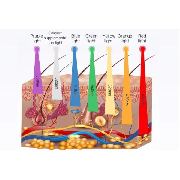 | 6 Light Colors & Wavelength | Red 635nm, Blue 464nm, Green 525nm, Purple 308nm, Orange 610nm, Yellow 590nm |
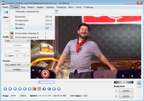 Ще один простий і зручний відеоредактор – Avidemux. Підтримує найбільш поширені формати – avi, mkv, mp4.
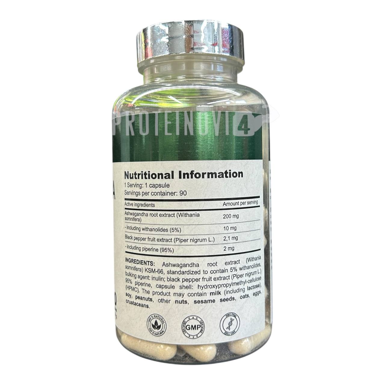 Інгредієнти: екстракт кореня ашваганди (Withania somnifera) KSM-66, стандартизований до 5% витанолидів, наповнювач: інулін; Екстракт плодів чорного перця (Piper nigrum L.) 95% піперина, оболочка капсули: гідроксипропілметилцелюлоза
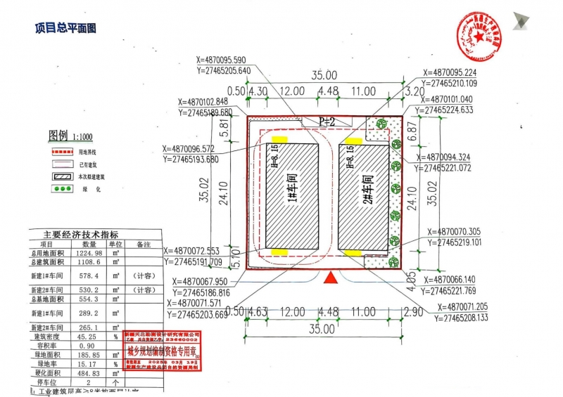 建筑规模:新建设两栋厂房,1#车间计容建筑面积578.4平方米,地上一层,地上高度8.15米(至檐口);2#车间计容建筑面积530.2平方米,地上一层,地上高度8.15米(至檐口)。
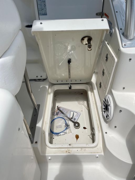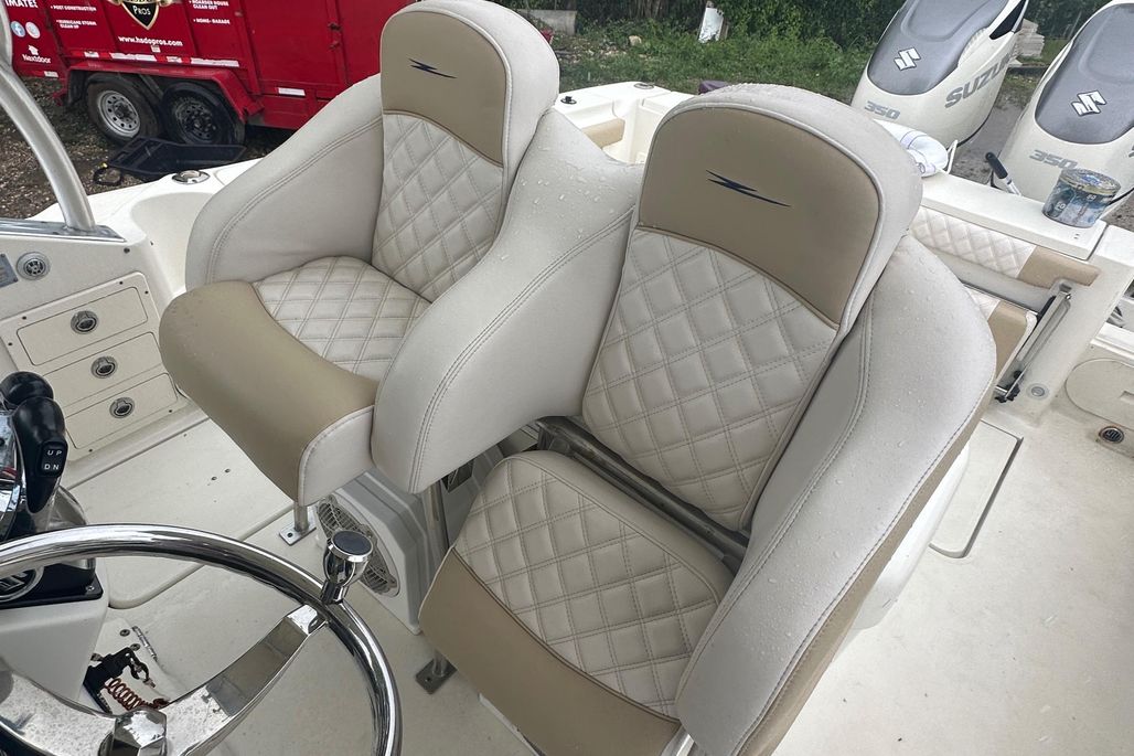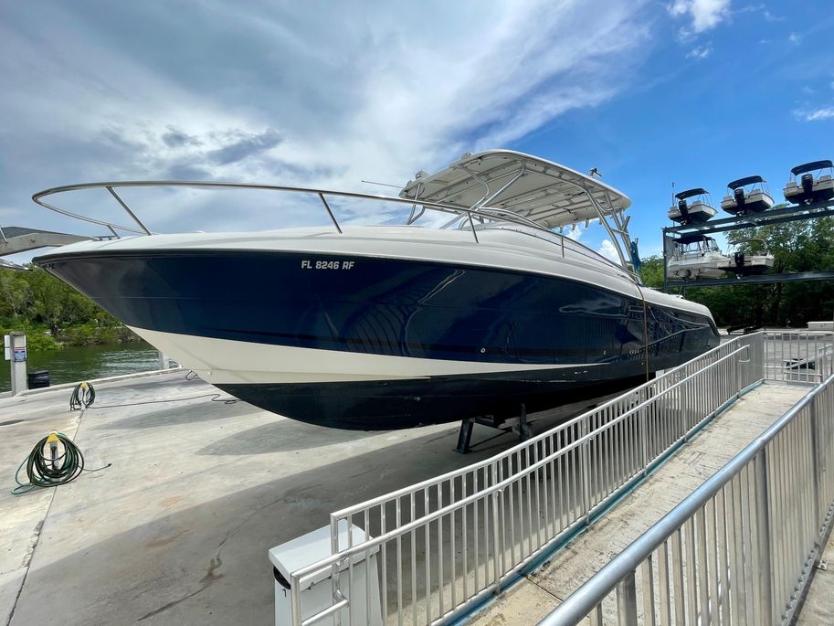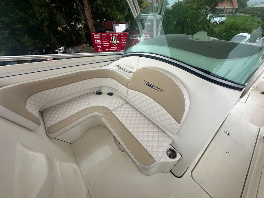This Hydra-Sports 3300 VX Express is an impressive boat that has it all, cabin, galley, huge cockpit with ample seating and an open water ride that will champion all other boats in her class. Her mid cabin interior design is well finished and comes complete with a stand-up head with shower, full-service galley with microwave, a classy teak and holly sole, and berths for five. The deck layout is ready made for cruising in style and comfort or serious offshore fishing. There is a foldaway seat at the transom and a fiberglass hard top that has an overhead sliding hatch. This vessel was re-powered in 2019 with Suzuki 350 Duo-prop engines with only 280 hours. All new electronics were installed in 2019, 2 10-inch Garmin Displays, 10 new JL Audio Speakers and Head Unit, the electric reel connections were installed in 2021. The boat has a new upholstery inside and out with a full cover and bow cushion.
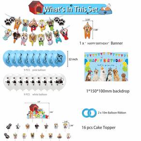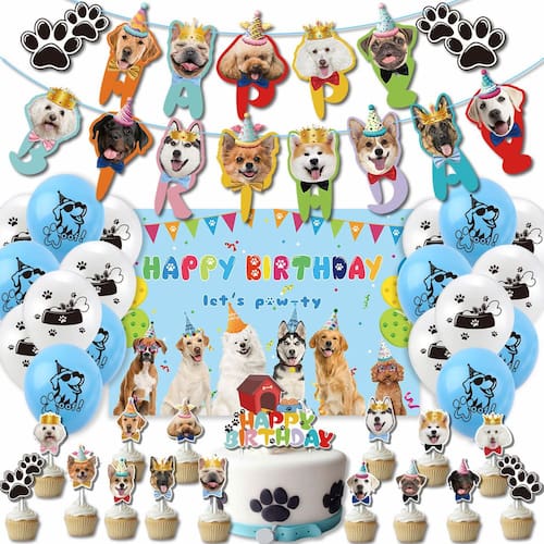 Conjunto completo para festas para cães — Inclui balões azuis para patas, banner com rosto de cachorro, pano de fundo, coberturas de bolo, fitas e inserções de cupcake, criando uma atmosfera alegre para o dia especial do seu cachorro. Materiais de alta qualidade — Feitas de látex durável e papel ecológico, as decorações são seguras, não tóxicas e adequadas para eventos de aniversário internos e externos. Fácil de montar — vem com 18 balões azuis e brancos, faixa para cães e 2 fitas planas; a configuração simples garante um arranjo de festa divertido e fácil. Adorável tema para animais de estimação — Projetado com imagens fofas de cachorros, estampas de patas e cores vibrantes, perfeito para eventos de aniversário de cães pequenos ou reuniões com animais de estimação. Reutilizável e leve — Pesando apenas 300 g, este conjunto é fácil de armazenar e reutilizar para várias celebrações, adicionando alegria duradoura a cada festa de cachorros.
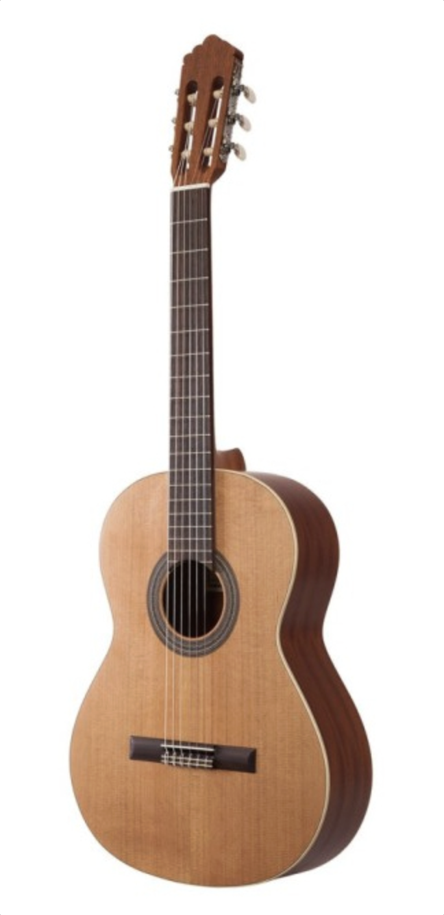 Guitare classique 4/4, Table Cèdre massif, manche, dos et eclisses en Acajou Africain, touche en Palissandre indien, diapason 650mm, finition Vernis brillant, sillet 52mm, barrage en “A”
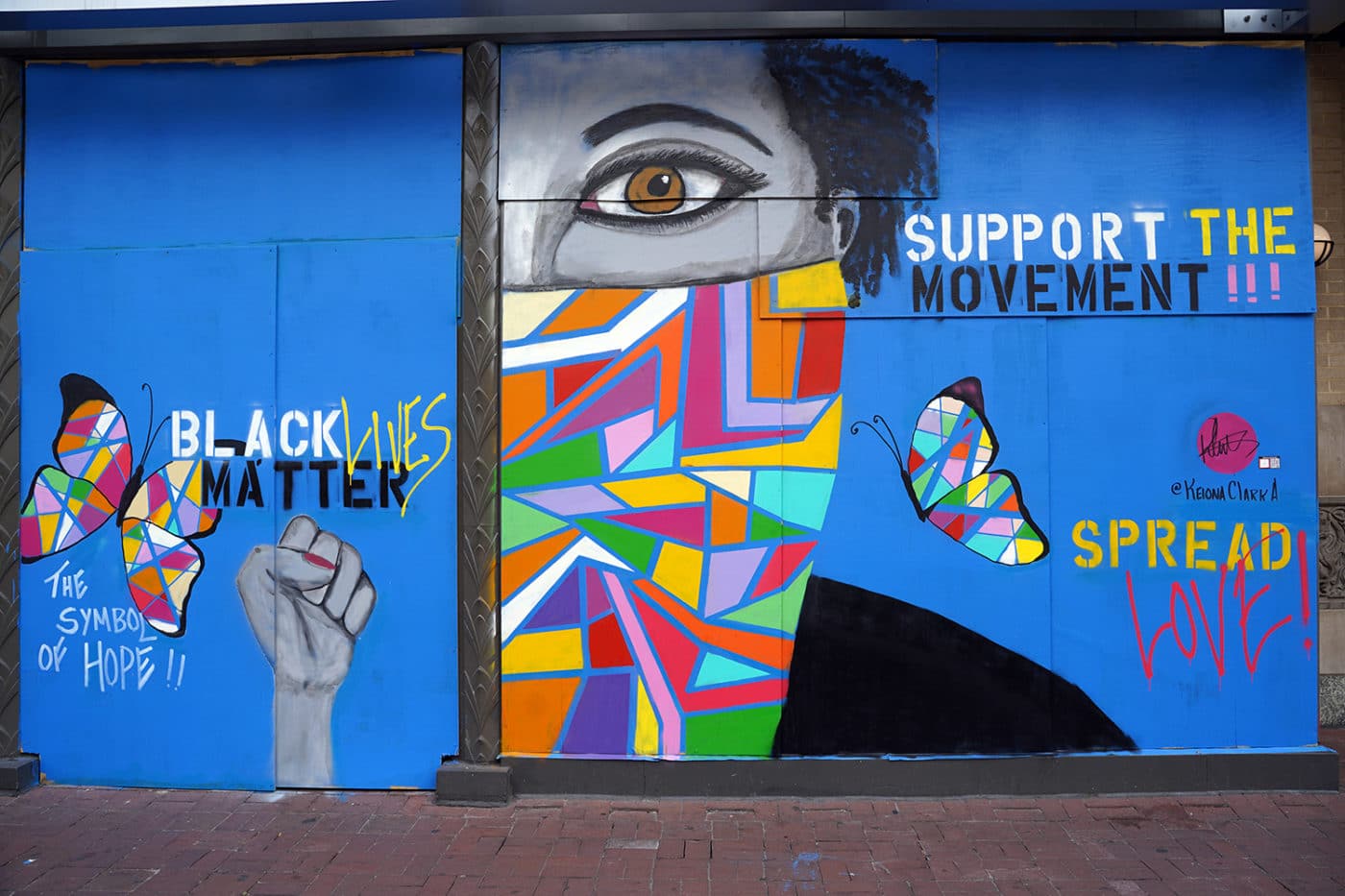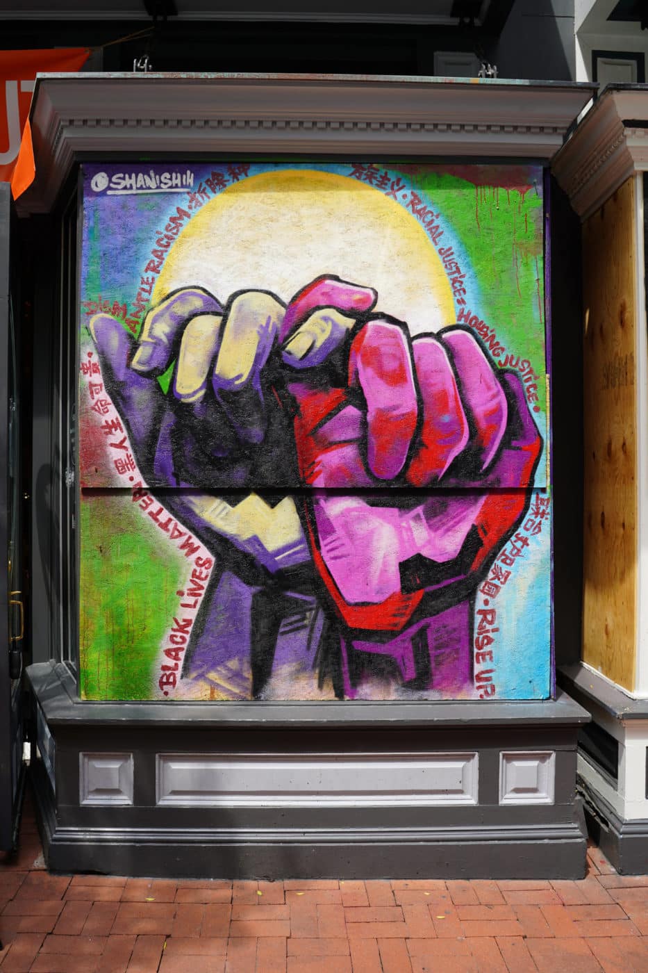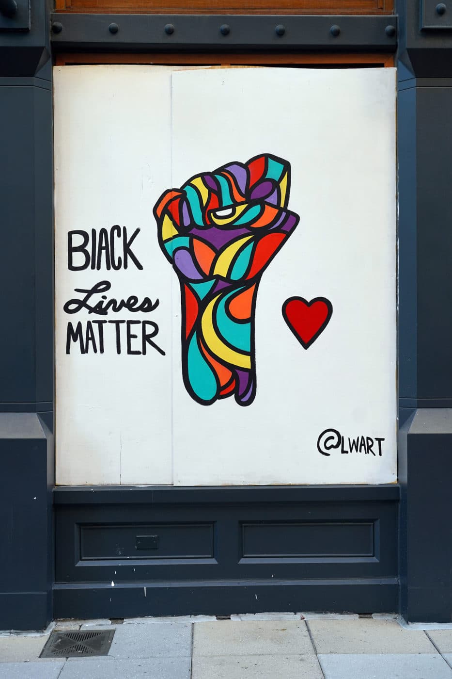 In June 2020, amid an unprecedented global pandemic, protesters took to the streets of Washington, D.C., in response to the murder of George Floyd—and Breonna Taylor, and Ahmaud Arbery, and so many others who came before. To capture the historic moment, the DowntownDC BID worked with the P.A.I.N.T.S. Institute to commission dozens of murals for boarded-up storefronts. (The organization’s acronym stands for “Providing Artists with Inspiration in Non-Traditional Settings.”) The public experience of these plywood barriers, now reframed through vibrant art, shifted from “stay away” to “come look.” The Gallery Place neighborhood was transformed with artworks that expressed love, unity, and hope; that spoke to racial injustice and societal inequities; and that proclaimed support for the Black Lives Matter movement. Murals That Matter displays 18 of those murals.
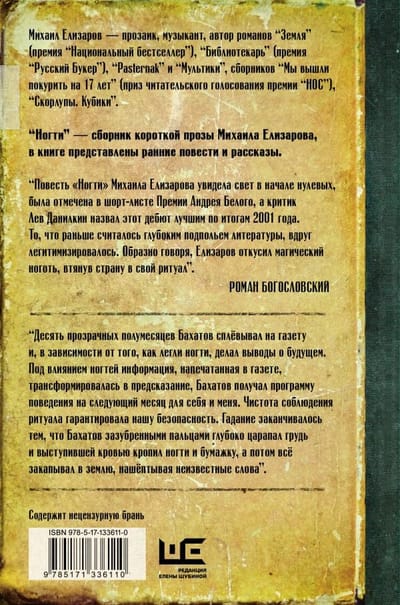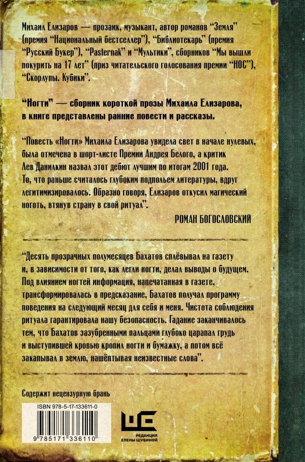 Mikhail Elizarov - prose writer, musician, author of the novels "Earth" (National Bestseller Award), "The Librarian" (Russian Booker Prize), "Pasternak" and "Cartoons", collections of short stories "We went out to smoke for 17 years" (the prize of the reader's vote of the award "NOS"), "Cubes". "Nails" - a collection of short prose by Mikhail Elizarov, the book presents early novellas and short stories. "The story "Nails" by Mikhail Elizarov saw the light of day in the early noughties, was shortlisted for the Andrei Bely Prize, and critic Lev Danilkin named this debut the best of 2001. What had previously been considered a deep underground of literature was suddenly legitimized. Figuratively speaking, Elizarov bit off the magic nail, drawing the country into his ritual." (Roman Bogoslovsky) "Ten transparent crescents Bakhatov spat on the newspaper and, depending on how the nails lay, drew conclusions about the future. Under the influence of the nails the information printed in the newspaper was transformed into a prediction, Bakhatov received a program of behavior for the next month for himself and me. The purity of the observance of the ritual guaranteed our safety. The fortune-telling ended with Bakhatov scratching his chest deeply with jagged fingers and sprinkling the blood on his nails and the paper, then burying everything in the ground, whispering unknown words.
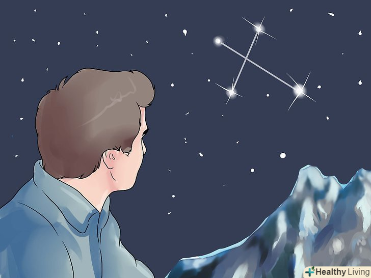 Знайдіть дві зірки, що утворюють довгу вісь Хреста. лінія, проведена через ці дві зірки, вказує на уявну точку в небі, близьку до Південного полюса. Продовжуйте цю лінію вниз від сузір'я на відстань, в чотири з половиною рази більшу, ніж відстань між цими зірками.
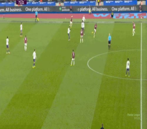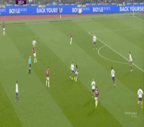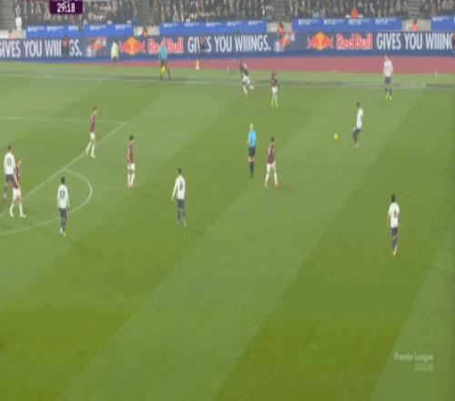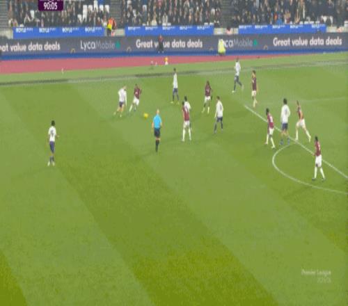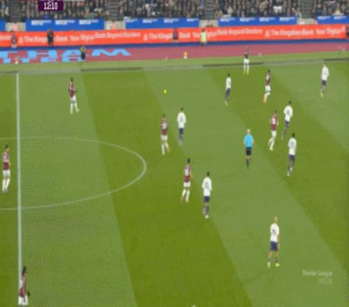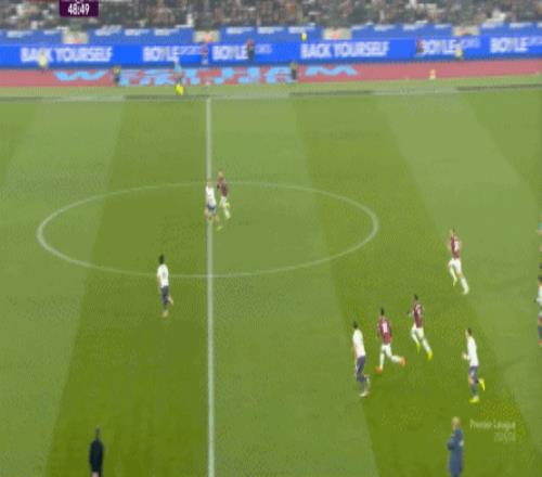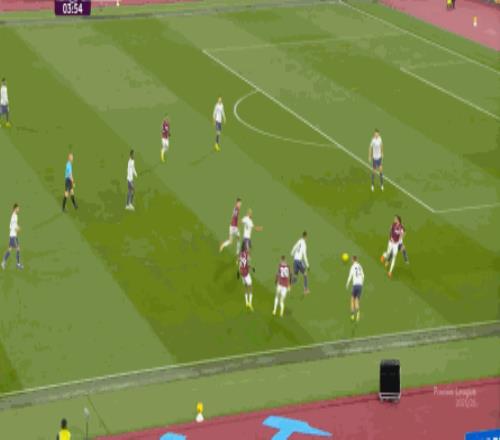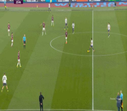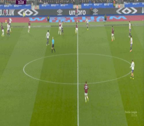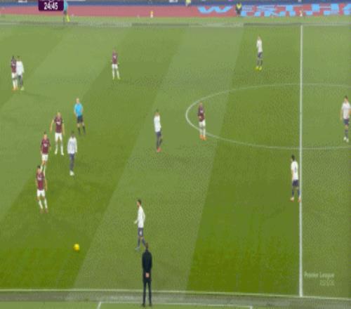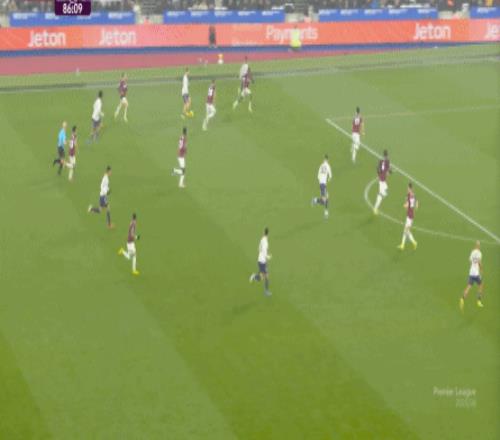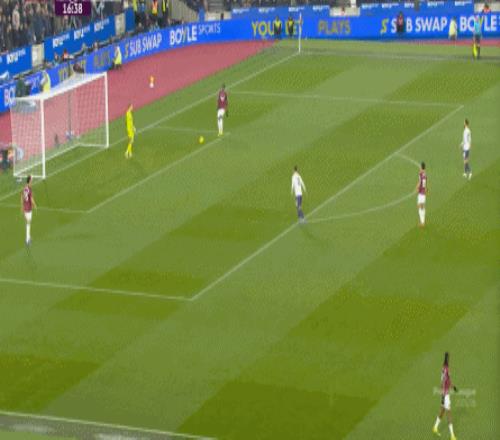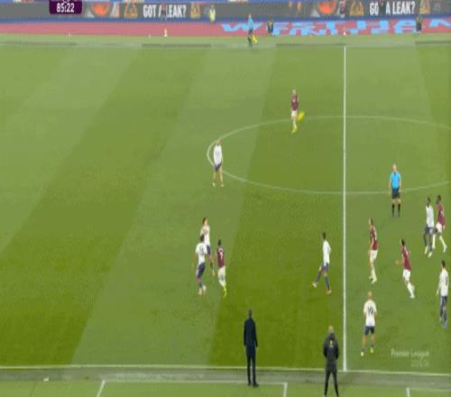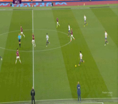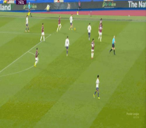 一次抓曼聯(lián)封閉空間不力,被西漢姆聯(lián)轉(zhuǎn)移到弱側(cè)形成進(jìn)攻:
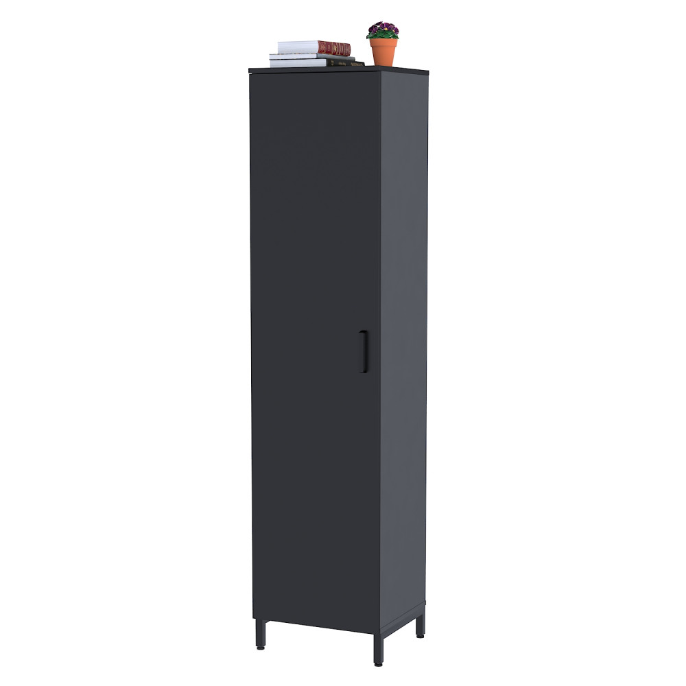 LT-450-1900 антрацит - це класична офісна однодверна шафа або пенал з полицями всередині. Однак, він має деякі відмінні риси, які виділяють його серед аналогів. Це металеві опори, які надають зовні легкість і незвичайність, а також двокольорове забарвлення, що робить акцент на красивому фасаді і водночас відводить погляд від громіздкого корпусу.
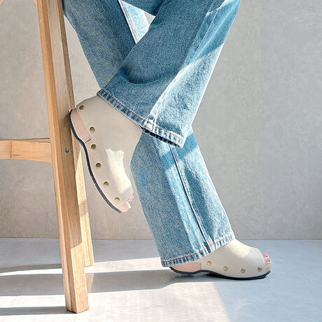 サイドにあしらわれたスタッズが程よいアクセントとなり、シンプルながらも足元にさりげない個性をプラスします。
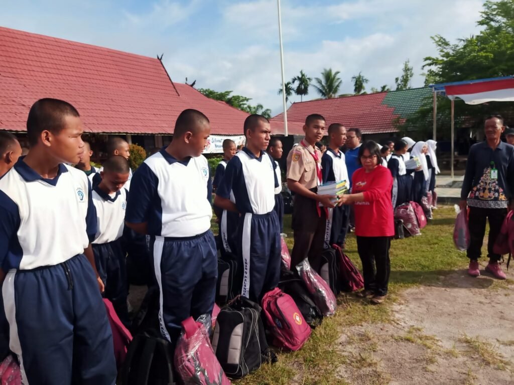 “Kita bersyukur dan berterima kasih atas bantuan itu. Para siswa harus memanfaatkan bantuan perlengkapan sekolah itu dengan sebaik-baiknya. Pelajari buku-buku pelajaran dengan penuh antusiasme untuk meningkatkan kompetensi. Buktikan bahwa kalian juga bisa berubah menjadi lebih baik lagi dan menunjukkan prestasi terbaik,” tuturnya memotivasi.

▶ [Activity]:
Every line from the top of the material above through the line with "建筑规模:新建设两栋厂房,1" should be duplicated exactly, please; leave out the pictures.

▶ [Response to the task]:
 | 6 Light Colors & Wavelength | Red 635nm, Blue 464nm, Green 525nm, Purple 308nm, Orange 610nm, Yellow 590nm |
 Ще один простий і зручний відеоредактор – Avidemux. Підтримує найбільш поширені формати – avi, mkv, mp4.
 Інгредієнти: екстракт кореня ашваганди (Withania somnifera) KSM-66, стандартизований до 5% витанолидів, наповнювач: інулін; Екстракт плодів чорного перця (Piper nigrum L.) 95% піперина, оболочка капсули: гідроксипропілметилцелюлоза
 建筑规模:新建设两栋厂房,1#车间计容建筑面积578.4平方米,地上一层,地上高度8.15米(至檐口);2#车间计容建筑面积530.2平方米,地上一层,地上高度8.15米(至檐口)。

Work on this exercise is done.